Activity:
Verbatim output of the lines below is required, with the images omitted.

The data:
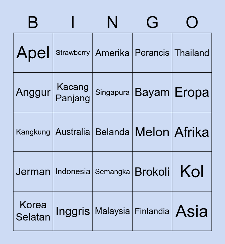 This bingo card has 25 words: Indonesia, Malaysia, Singapura, Korea Selatan, Thailand, Apel, Anggur, Strawberry, Melon, Semangka, Bayam, Kangkung, Brokoli, Kol, Kacang Panjang, Asia, Afrika, Amerika, Eropa, Australia, Belanda, Inggris, Jerman, Perancis and Finlandia.
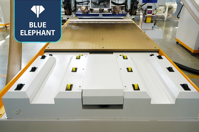 2.共兩套的9KW大功率主軸配備12位直排刀庫(每個主軸可配6把刀),高速開料,刀庫合理分配,互不干擾;
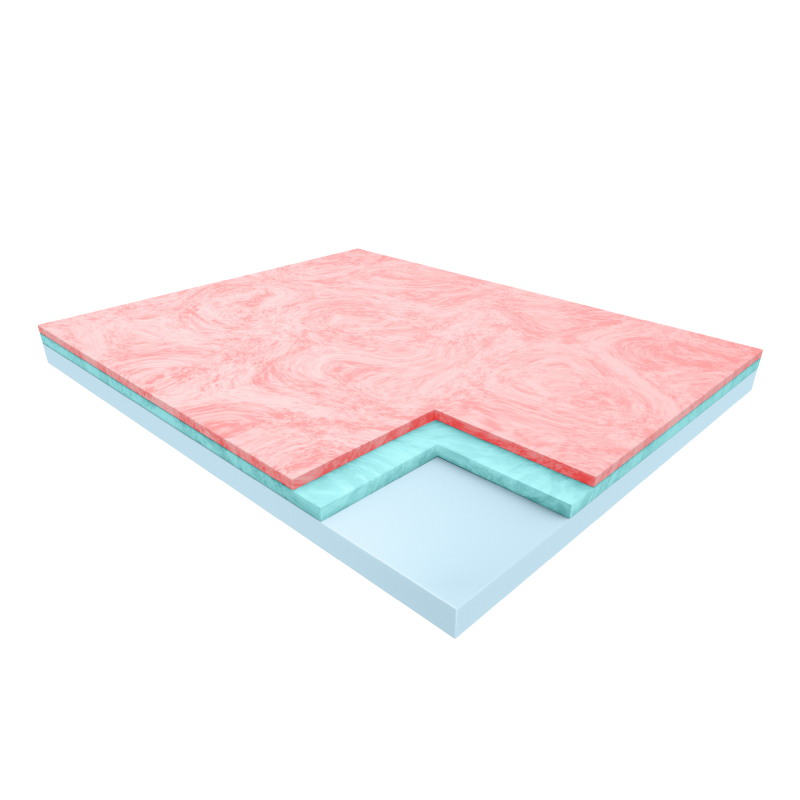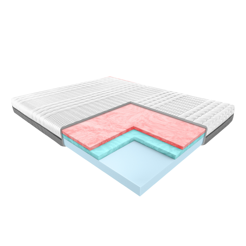 Pianka EnergyFoam (35 kg/m³) – stanowi wytrzymałą i sztywną bazę materaca. Dzięki precyzyjnemu zbalansowaniu twardości i elastyczności zapewnia solidne podparcie dla kręgosłupa, zapobiega zapadaniu się powierzchni nawet przy większym obciążeniu, a jednocześnie dopasowuje się do naturalnych krzywizn ciała. Otwarta struktura komórkowa gwarantuje doskonałą wentylację oraz skuteczne odprowadzanie wilgoci i nadmiaru ciepła. Pianka Red Soft (3 cm) – pianka żelowa nowej generacji o zwiększonej gęstości, odpowiadająca za stabilność i twardsze podparcie. Wspiera ciało w zachowaniu prawidłowej pozycji, zapobiegając nadmiernemu zapadaniu się materaca. Doskonale współgra z bardziej miękkimi warstwami, tworząc zrównoważony układ. Pianka Blue Soft (4 cm) – miękka i sprężysta pianka żelowa, która delikatnie otula ciało, minimalizując punkty nacisku. Jej otwarto-komórkowa struktura umożliwia swobodny przepływ powietrza, co przekłada się na komfortowy, świeży i higieniczny sen.

Answer section:
 This bingo card has 25 words: Indonesia, Malaysia, Singapura, Korea Selatan, Thailand, Apel, Anggur, Strawberry, Melon, Semangka, Bayam, Kangkung, Brokoli, Kol, Kacang Panjang, Asia, Afrika, Amerika, Eropa, Australia, Belanda, Inggris, Jerman, Perancis and Finlandia.
 2.共兩套的9KW大功率主軸配備12位直排刀庫(每個主軸可配6把刀),高速開料,刀庫合理分配,互不干擾;
 Pianka EnergyFoam (35 kg/m³) – stanowi wytrzymałą i sztywną bazę materaca. Dzięki precyzyjnemu zbalansowaniu twardości i elastyczności zapewnia solidne podparcie dla kręgosłupa, zapobiega zapadaniu się powierzchni nawet przy większym obciążeniu, a jednocześnie dopasowuje się do naturalnych krzywizn ciała. Otwarta struktura komórkowa gwarantuje doskonałą wentylację oraz skuteczne odprowadzanie wilgoci i nadmiaru ciepła. Pianka Red Soft (3 cm) – pianka żelowa nowej generacji o zwiększonej gęstości, odpowiadająca za stabilność i twardsze podparcie. Wspiera ciało w zachowaniu prawidłowej pozycji, zapobiegając nadmiernemu zapadaniu się materaca. Doskonale współgra z bardziej miękkimi warstwami, tworząc zrównoważony układ. Pianka Blue Soft (4 cm) – miękka i sprężysta pianka żelowa, która delikatnie otula ciało, minimalizując punkty nacisku. Jej otwarto-komórkowa struktura umożliwia swobodny przepływ powietrza, co przekłada się na komfortowy, świeży i higieniczny sen.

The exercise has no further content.